Makes sense to me. I assume “bad sex” has been a factor in some of the times I’ve been dumped. It’s not like every female wants the same sexual experience. Any more than every male wants the same sexual experience.

Which is not the same as thinking I’ve been a dud in general. Maybe nowadays, my hormones seem to be on the decline or something, but I used to be rather good at this stuff in my own way.

[QUOTE=pbbth]

I’ve known a few of those - and their definition of sex has (IME) run toward’s Bill Clinton’s. My cousin was a virgin when she got married, but she and her financee had done enough fooling around that the only remaining question was fit. She had a pretty good idea about pacing and touch - which I think is pretty darn important - as did here.

Haven’t read the thread, but here’s my answer:

Tell me during the break up conversation. It would then be in my power to change that (for future GFs). You probably shouldn’t get into too much detail right there, as it might lead to “oh but I can improve that” replies, but do tell me. If you’re comfortable with the subject, offer to explain it in more detail after a while, but right now you need to do the breaking up.

You might be telling your SO he could improve in certain aspects of his performance during your whole relationship, but if you don’t tell him at this point, he won’t know he was bad. He might just “filter out” all those times you talked about it. Worse, he may be unsure, which won’t do him any good either.
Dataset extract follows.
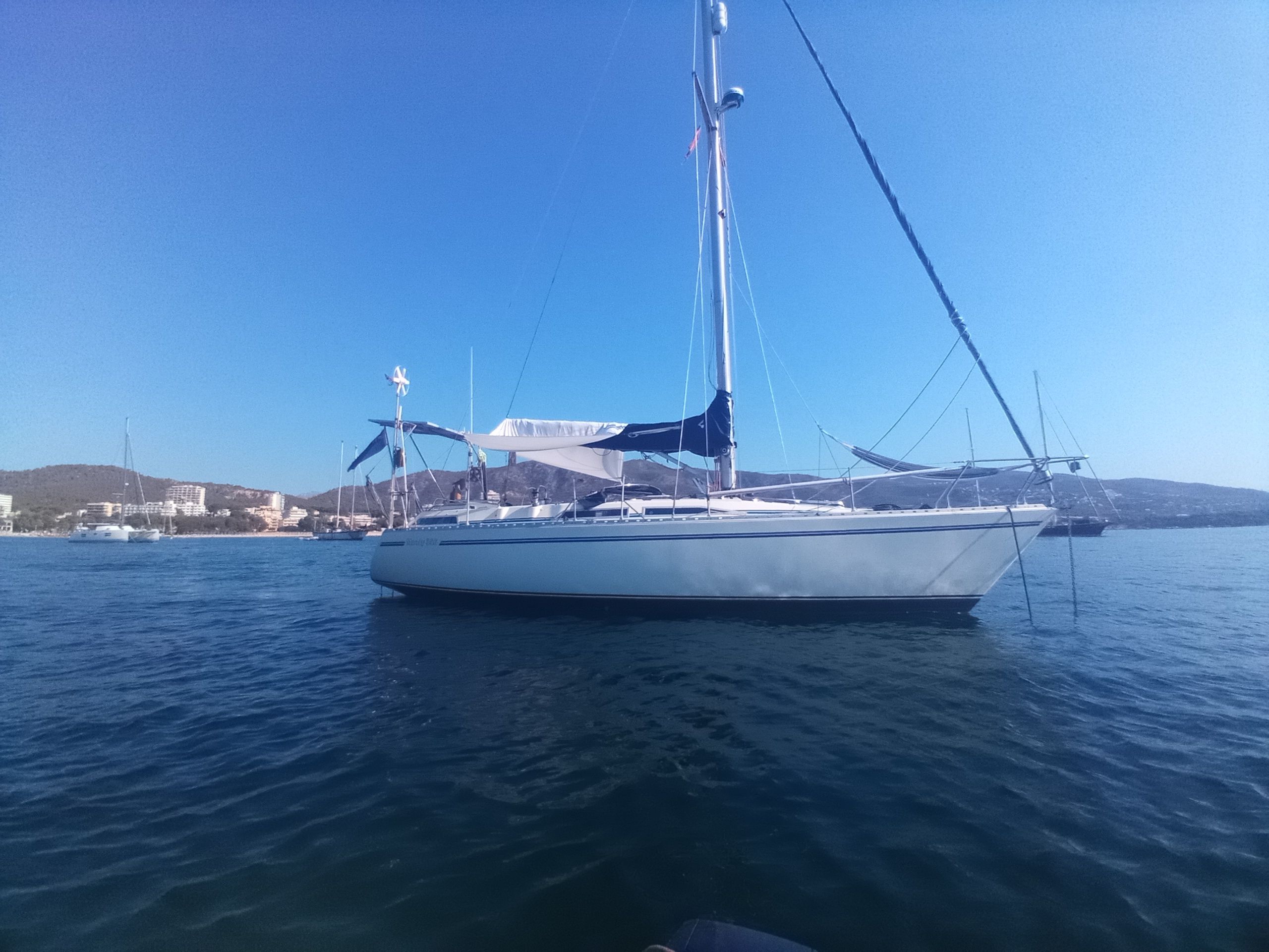 2-cabin sailing yacht Moody 346 - Sailing Tamarind was built in 1987 and it is docked in Club Nàutic Sant Antoni de Portmany, Spain.

Woman here. I can’t picture the bed thing being **the ** reason for breaking up with a guy. If **everything ** else was fine, and bed was just ordinary-bad (not dramatically bad, like he kept calling me “Mom” or needed me to dress like Batman or something) I don’t think that would be cause for a breakup, for me. OTOH, there are plenty of other things that could be wrong in the relationship that would carry over and spoil any connection in bed. Those would be the root cause and that’s what I’d focus on in any breakup talk.